Sunday, 1 May 2011

Stravinsky in 3D

A novel works outing experience  recently for members of the Xorg Collective to The Royal Festival Hall for a performance by The Birmingham Symphony Orchestra, conducted by Iland Volkov, of Igor Stravinsky's 'The Rite of Spring', with dancer Julia Mach.
Cognoscenti will be aware that 'The Rite of Spring' was originally written as a ballet, choreographed by Vaslav Nijinsky, a Polish-Ukrainian who grew up in Russia and trained at the Imperial Ballet. Nijinsky hitched up with producer Sergei Dhiagelev, with whose company The Ballets Russe he travelled to Paris, whence occurred the first performance of 'The Rite of Spring' in collaboration with Mr Stravinsky in 1913. Apparently Igor and Vaslav did not get along too well; Vaslav thought Igor was a patronising old grump and Igor thought Vaslav was a musical dunce. Be that as it may, Nijinsky's choreography broke down barriers as he dreamed up modern dance to complement Stravinsky's modern music. However, it seems he went a little too far and mimed autoerotic behaviour at some point; in 1913 this was a bit challenging for your average ballet audience and a riot broke out in the theatre. But in the long run, the controversy helped publicise Stravinsky's music, and 'The Rite of Spring' in particular. It has subsequently been performed more as a piece of music on its own merit rather than  necessarily as a ballet.

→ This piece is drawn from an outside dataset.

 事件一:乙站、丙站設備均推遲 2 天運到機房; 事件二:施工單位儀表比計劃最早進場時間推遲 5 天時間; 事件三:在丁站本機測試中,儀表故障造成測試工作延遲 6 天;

Any road up, with the recent development of 3D digital technology this chap called  Klaus Obermaier has devised a new way of making the piece visual. This involves a lone dancer being projected live in 3D onto a huge screen above the orchestra, with added digital effects. The whole thing is choreographed; the dancer's movements are coordinated with the music and the computer operator tweaks the images accordingly, with the result that the audience sees , with the aid of 3D glasses, some weird and groovy stuff floating about above and in front  of the stage.
Although the audio-visual concept of the performance is quite novel, the choreography itself was not especially challenging or innovative nor likely to cause a riot. But we got some quirky moments and elements of surrealism along with stretches of what were essentially pretty psychedelic far-out effects. I can't say that the visuals were representational of 'The Rite of Spring' as Nijinsky's ballet reportedly was, being concerned primarily with pagan fertility rites, but it looked good nonetheless and it will be worthwhile trying further experiments in this genre. Obermaier went mostly for the abstract rather than the literal.

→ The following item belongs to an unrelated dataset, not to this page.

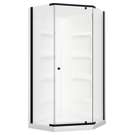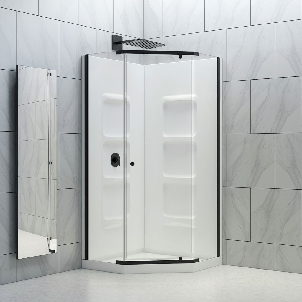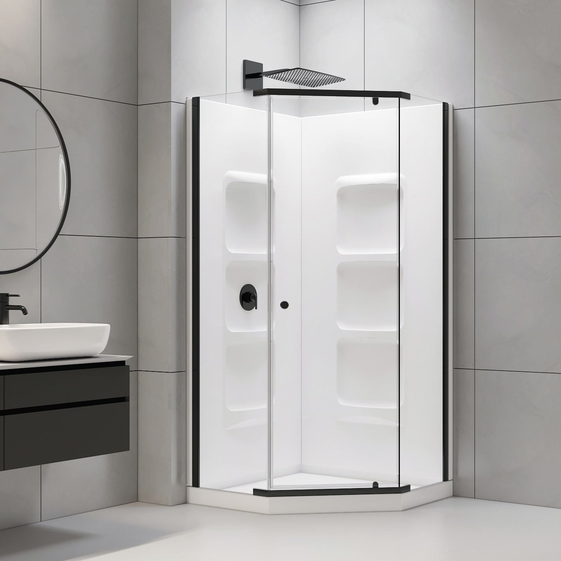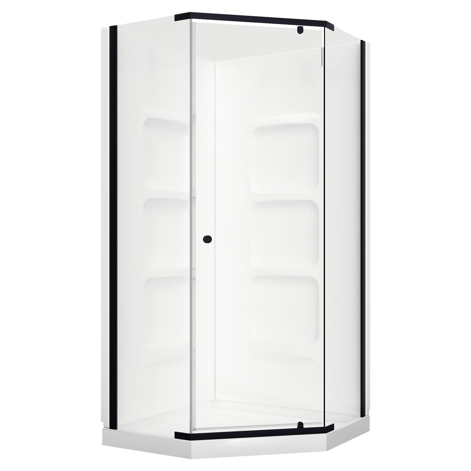 Tempered glass panels and an easy-to-clean shower pan form the angular design of the neo-angled shower that fits perfectly in the corner of an en suite or detached bathroom. Recessed shelves offer integrated organization for storing soap, shampoo and shower toiletries within the acrylic shower walls.

The technical set-up required that a blacked out platform was needed for the dancer. This was erected on the right of the stage, taking up the space usually occupied by the basses who were consequently relocated to the left, squashed in behind the first violins. Other sections of the orchestra were likewise relocated and squeezed in, with the result that we didn't get the full dynamics of the symphony orchestra.  The sound came across as two-dimensional as a result - focused within the plane of the stage rather than leaping out  at us.  Future performances should be given somewhere with a bigger stage! However, this inconvenience did not deter the orchestra and conductor from giving the music a fair old seeing to and their performance was pretty darn good.
Prior to the 3D business, the orchestra played two supporting pieces; 'Tuning Up' by Edgard Varese, and 'Lontano' by Gyorgy Ligeti. These were performed wonderfully. Conductor and orchestra played the Varese piece with the right amount of jollity and slyness appropriate for Varese's take on one of classical music's rituals, and with the delicacy and concentration needed for the ethereal Ligeti. Full marks to them, but I'm deducting points for the noisy air conditioning in the Festival Hall which intruded, particularly during 'Lontano'. A bonus point for not charging extra for the 3D glasses though.